Also I think there is a error or typo in my list above for 1998aw.
It should be 22 days.

Do you mean 27/22 or 22/20.5?


Hopefully that answers your questions. I welcome your analysis
of those numbers and will accept any corrections you make as long as
I can double check your corrections.

I hope that you agree with me that using a V-band decay time derived
from a lot of SNs makes more sense than using only one SN, even if
that changes your numbers substantially.


Bye,
Bjoern

A small question about the restframe wavelengths. You probably
got them by dividing the middle wavelength of the I filter
by 1+z, right? If yes, then your value fo 1998eq seems to be
wrong. Should be around 528 nm.

Yes. youre right

I looked up what templates Knop et al. used for the fitting. These
templates were determined by using the data from a large number of
low-z supernovae, instead of only the single one SN1995D. They provide
the data in their table 2. And it turns out that these templates
have only 16.8 days for peak+1 to peak+2 in the V band (I did
not check the R and I band so far)! That obviously makes the
numbers you calculated above much too low - the actual numbers are
about 30% greater!

In fact it was Steve who insisted I had to use 1995D as a reference.
I had averaged out a larger sample of SN from Reiss samples but
he said it was prefereable to use just one well sampled SN.
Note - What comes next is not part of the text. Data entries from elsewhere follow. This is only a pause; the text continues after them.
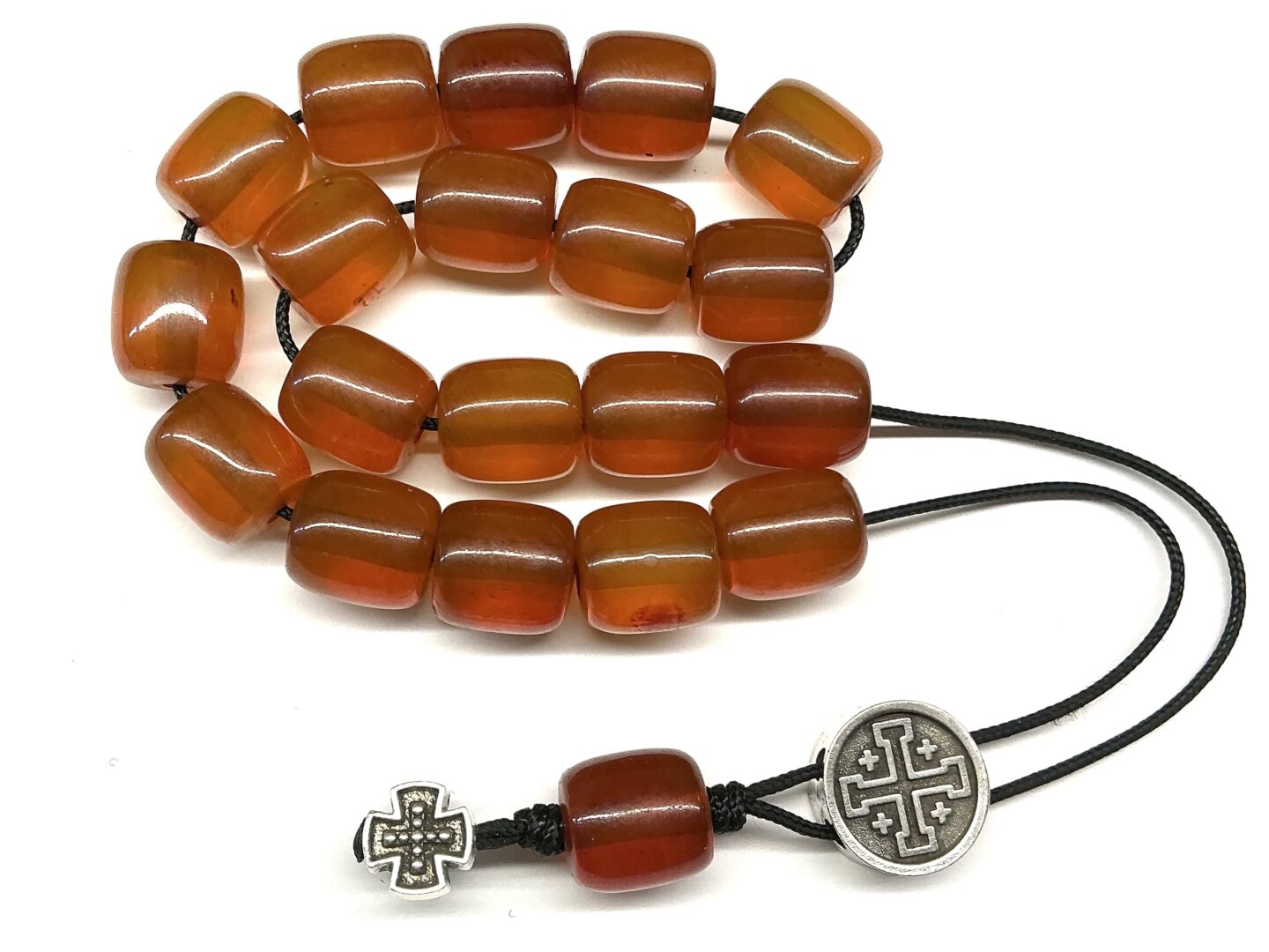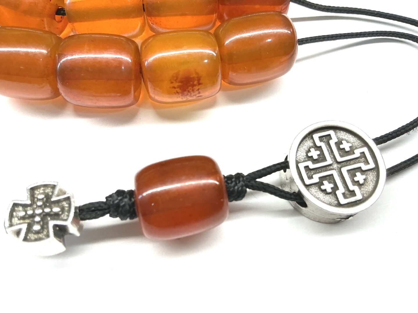 Δεμένο με 19 + 1 χάντρες , θυρεό και μεταλλική χάντρα σταυρού στο τελείωμα .
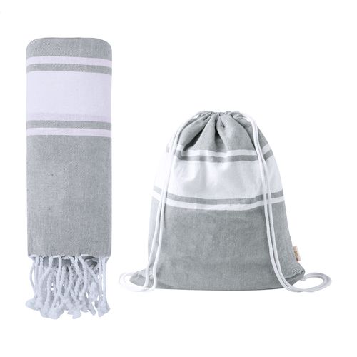 Tweekleurige pareo-strandhanddoek van gerecycled katoen met bijpassende draagtas met trekkoord
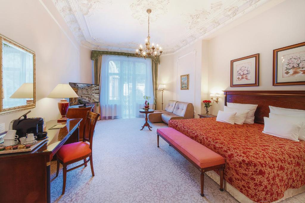 Главное преимущество находящихся в историческом здании номеров – высокие потолки с лепниной, ванны и биде в ванной и отдельный от ванной туалет. Эти номера возникли в результате общей реконструкции исторической части при строгом контроле управления охраны памятников истории и культуры. Все 60 номеров расположены на 2 – 5 этаже. Single Princess — площадь 22 m2. Кровать 160 x 200 см, ванная комната с душем туалет и биде, вид на внутренний парк. Double Excellent — площадь 32 m2. Здесь лепные укращения, ванная комната с ванной и отдельный от ванной туалет и биде. Вид на курортную зону. Double Supreme — площадь 38 m2. Здесь лепные укращения, ванная комната с ванной и отдельный от ванной туалет и биде. Вид на курортную зону или на внутренний парк. Suite Junior — площадь 46 m2. Здесь лепные укращения, ванная комната с ванной и отдельный от ванной туалет и биде. Вид на курортную зону. Suite Carlsbad — площадь 64 m2, гостиная, спальня и ванная. Suite Splendid — двухкомнатные апартаменты площадью 64 м2, большая ванная комната с ванной и душевой Suite Wellness — двухкомнатные апартаменты, ванная комната с джакузи и собственная сауна, душевая, отдельный туалет с биде и отдельный туалет для гостей.Общая площадь 94 m2. Suite Exclusive — площадью 115 м2, с видом на курортную зону Карловых Вар, состоят из гостиной и спальни с двуспальной кроватью. Есть возможность поставить дополнительную кровать для третьего гостя. Апартаменты расположены на 5 этаже в исторической части отеля. Suite Moser Crystal — площадь 165 m2, телевизор в ванной комнате, джакузи и собственная сауна, комната для горничной или личного телохранителя с одной кроватью и собственной ванной комнатой с душем и туалетом. TWIN кровати только в номерах Superior (New House), Junior Suite (Old House) Connect номера: Superior+Comfort Plus (New House), Junior Suite+Supreme (Old House), Carlsbad Suite+Excellent (Old House).
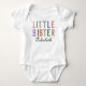 Celebra la alegría de la hermandad con nuestro adorable Bodysuit de bebé que presenta la encantadora frase "Hermana menor" personalizada con un nombre personalizado. El diseño conmovedor se complementa con encantadoras fuentes de color pastel retro en el centro, creando un conjunto encantador y elegante para hermanos. Elaborado con suavidad y comodidad en mente, este conjunto de hermana a juego es perfecto para capturar momentos preciosos y fomentar un fuerte vínculo entre hermanas. Deja que tus pequeños giren con estilo con este bodysuit dulce y personalizado, una adición perfecta a su guardarropa que expresa hermosamente el amor entre hermanas.
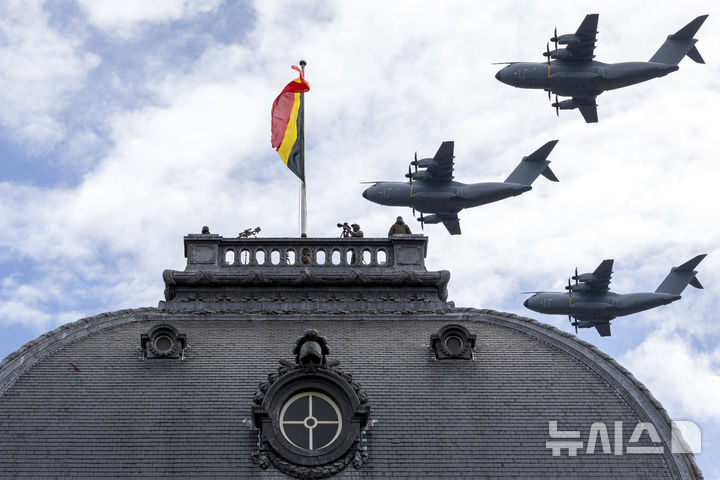 [브뤼셀=AP/뉴시스] 벨기에 국경일인 21일(현지 시간) 벨기에군 항공기들이 저격수들이 배치된 브뤼셀 왕궁 상공에서 축하 비행을 펼치고 있다. 벨기에 국경일은 1831년 7월 21일 벨기에가 네덜란드로부터 독립한 뒤 초대 국왕 레오폴트 1세가 즉위한 날을 기념한다. 2025.07.22.
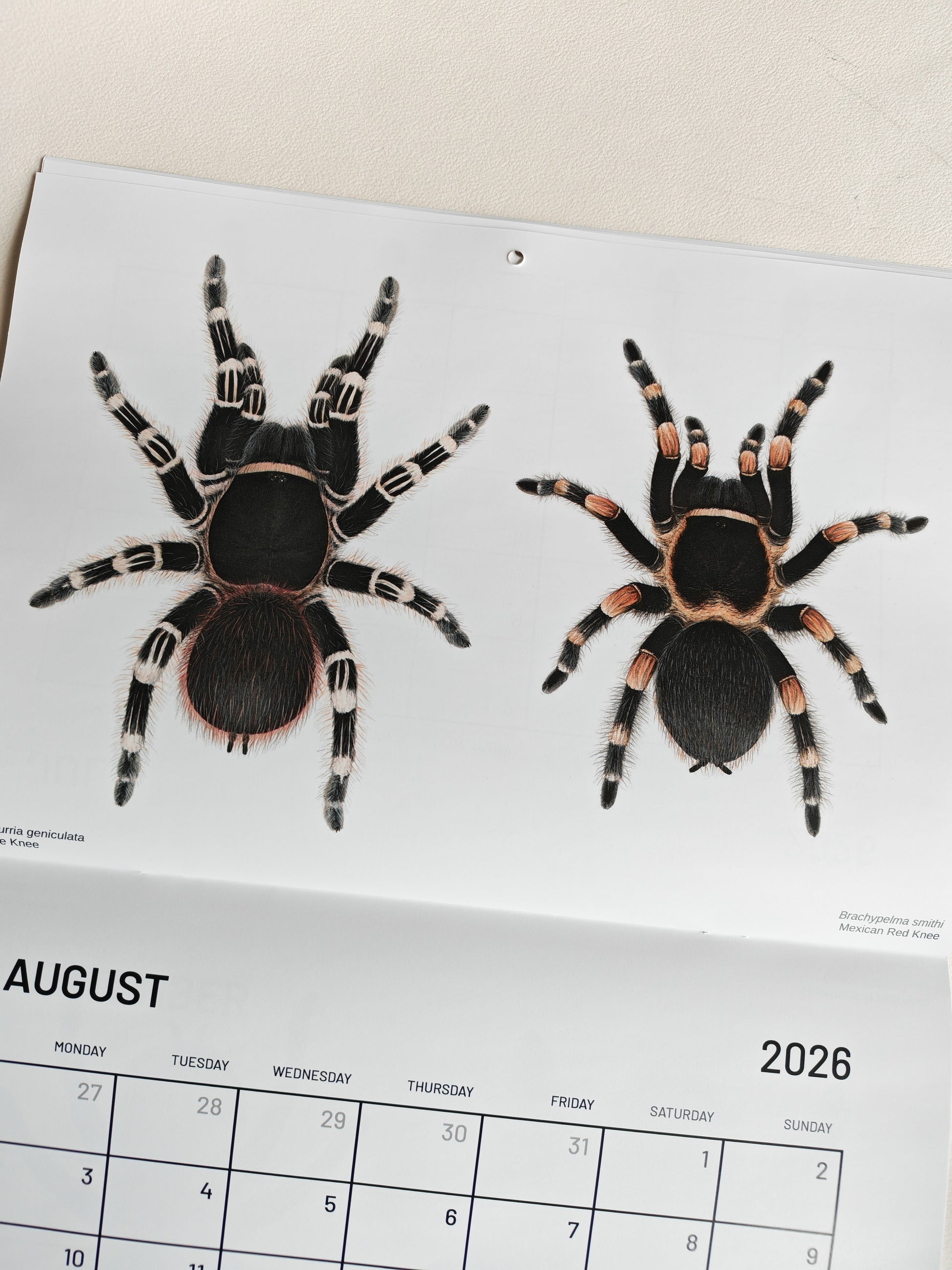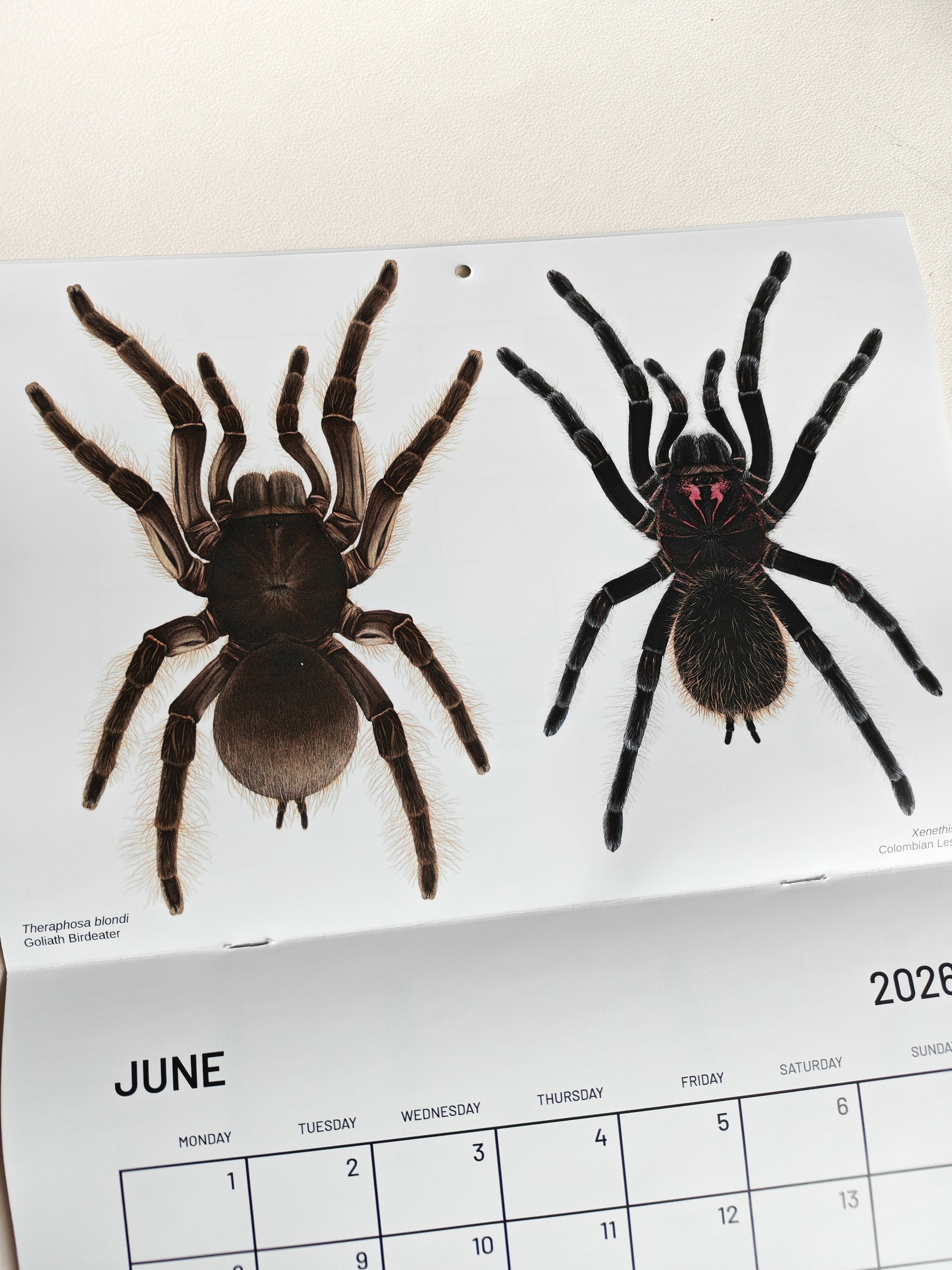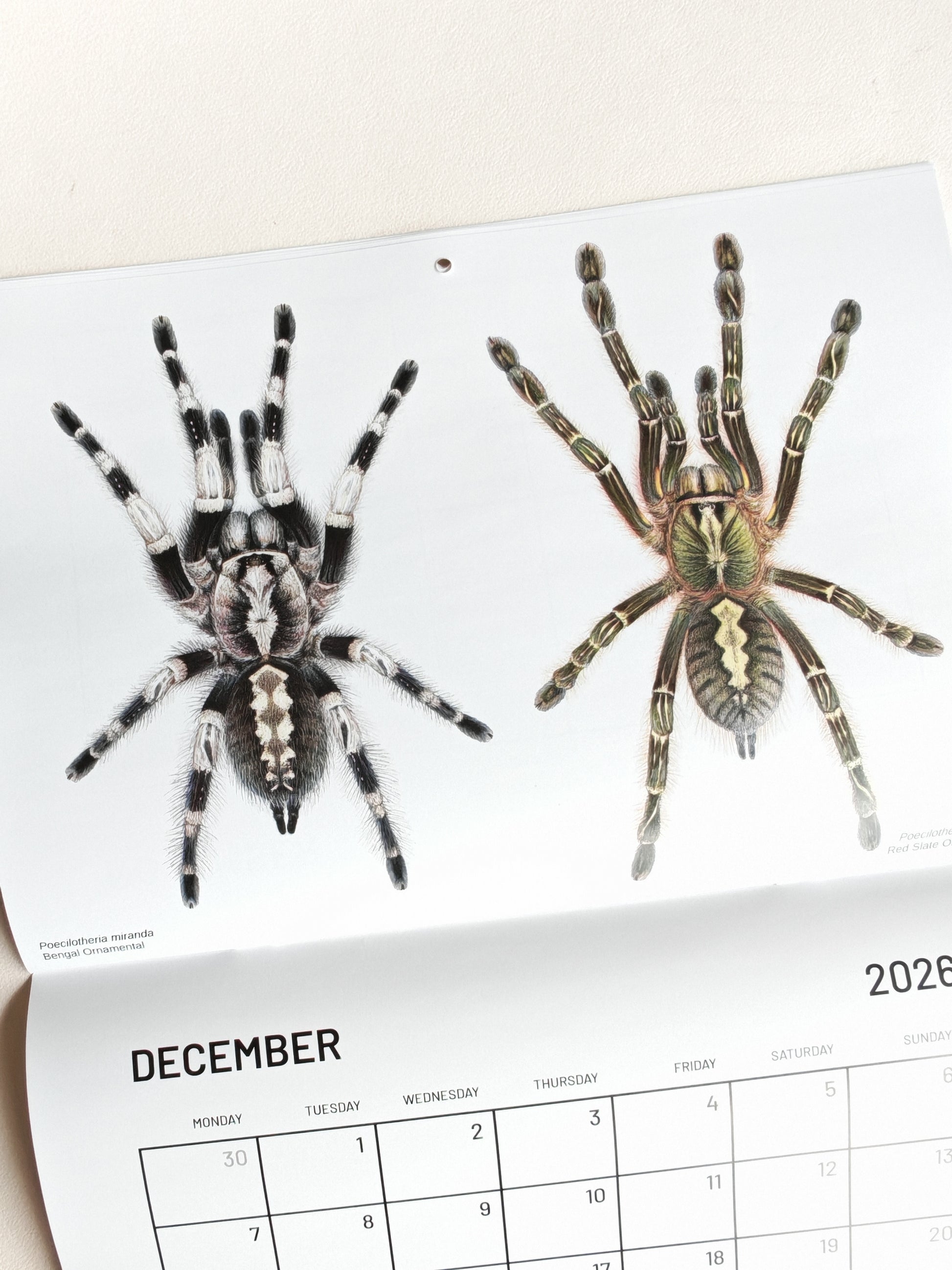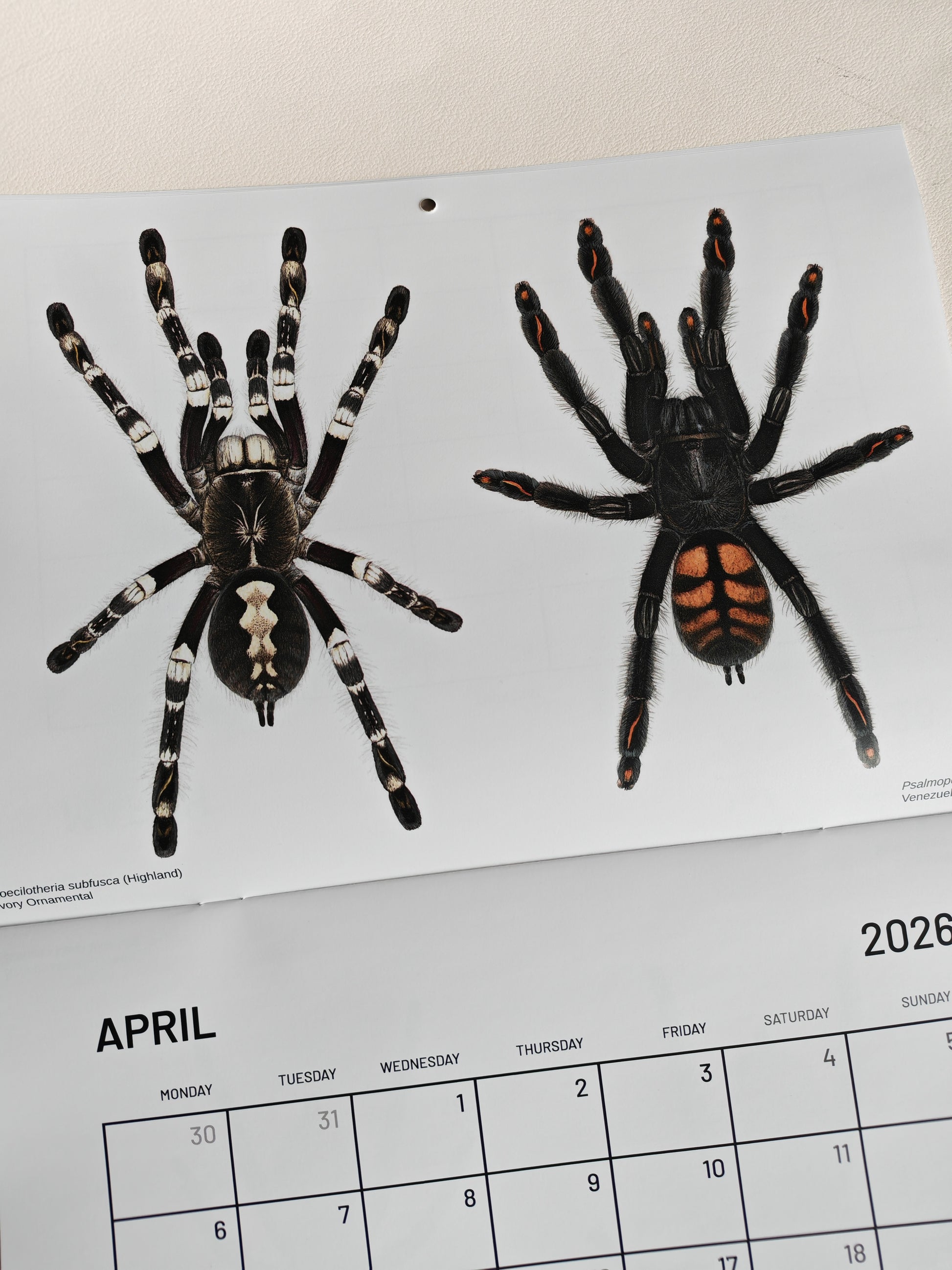 Tarantulas artwork calendar 2026
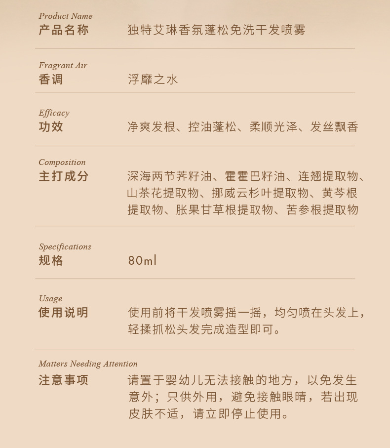 【蓬松高颅顶】独特艾琳干发喷雾去油蓬松不粘腻高颅顶80ml头发免洗清爽女懒人旅行装
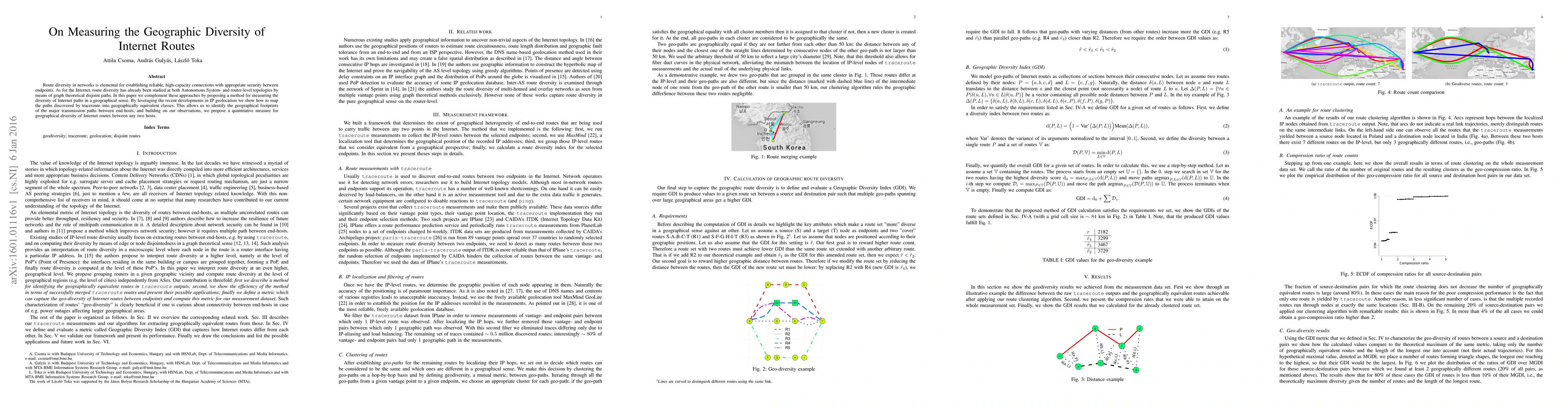 Route diversity in networks is elemental for establishing reliable, high-capacity connections with appropriate security between endpoints. As for the Internet, route diversity has already been studied at both Autonomous System- and router-level topologies by means of graph theoretical disjoint paths. In this paper we complement these approaches by proposing a method for measuring the diversity of Internet paths in a geographical sense. By leveraging the recent developments in IP geolocation we show how to map the paths discovered by traceroute into geographically equivalent classes. This allows us to identify the geographical footprints of the major transmission paths between end-hosts, and building on our observations, we propose a quantitative measure for geographical diversity of Internet routes between any two hosts.
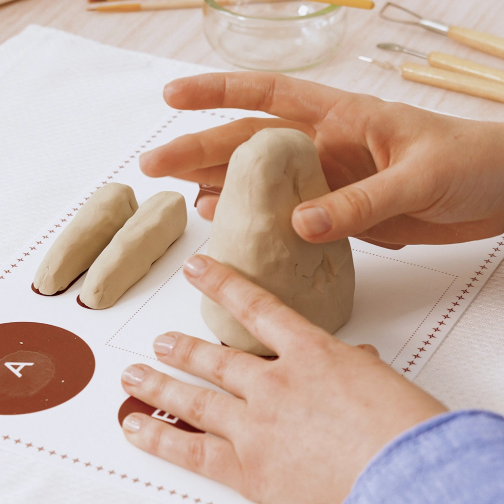 Gładka w dotyku glina modelarska łatwo się ugniata, dobrze trzyma kształt i pozwala tworzyć precyzyjne rysy twarzy oraz strukturę futerka. Idealna dla początkujących.
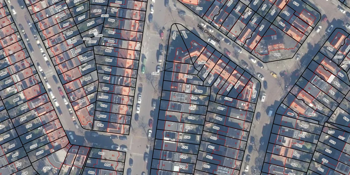 Gebruik de zoekbalk of klik op een perceel voor informatie over de adressen binnen dit perceel.
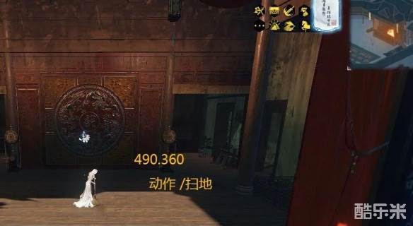 7、净台无尘:千月戏院(490.360)戏台上,动作【扫地】
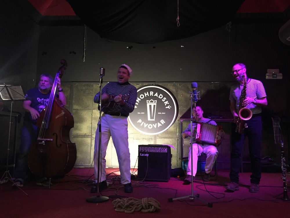 Kdo jste na Nabitém večeru byl, dáte mi asi za pravdu, že se první ročník vydařil. Sál Vinohradskoho pivovaru byl zaplněno do posledního místečka a kdyby byla účast hojnejší, museli bychom si sedět na klíně (v některých případech by to bylo i fajn 😉 ). Večer otevřel námořnický band Arnošta Hanfa – Pár Mu Jich Dej Band, který ostatně provázel celým večerem a intepretací námořnických písní skvěle doplňoval celkovou atmosféru.

I am not sure if this linear interpolation is even necessary. From
what I have read so far about the K-correction, it is precisely for
taking this into account. So, if you use K-corrected data, you
don't have to do such an interpolation. See e.g. what Steve Willner
wrote already on Nov. 23rd last year:

"For example, for I-band observations of 1997ek at z=0.86, one would use
a template at 438 nm rest. Since such a template won't in general
exist, one applies a "k-correction" to the observations to account for
the difference between the available template (B, approx 440 nm) and
the rest frame."

I have to admit you have confused me here. What do you mean by
linear interpolation? As 1997ek is 438 nm and restframe is 440nm
(actually Reiss B looks more like 430nm to me from his fig 1
transmission response graph) are you saying k correct 438 to
440nm? What was done in the my calculations was assume 438 to be
so close to 440 that they could be compared like for like.
And I`m sure that this is what Steve suggested doing.
Could you elaborate a bit more. What is the `linear
interpolation` I`ve done which isnt neccesary and how
does that effect the overall results of my table of ratios?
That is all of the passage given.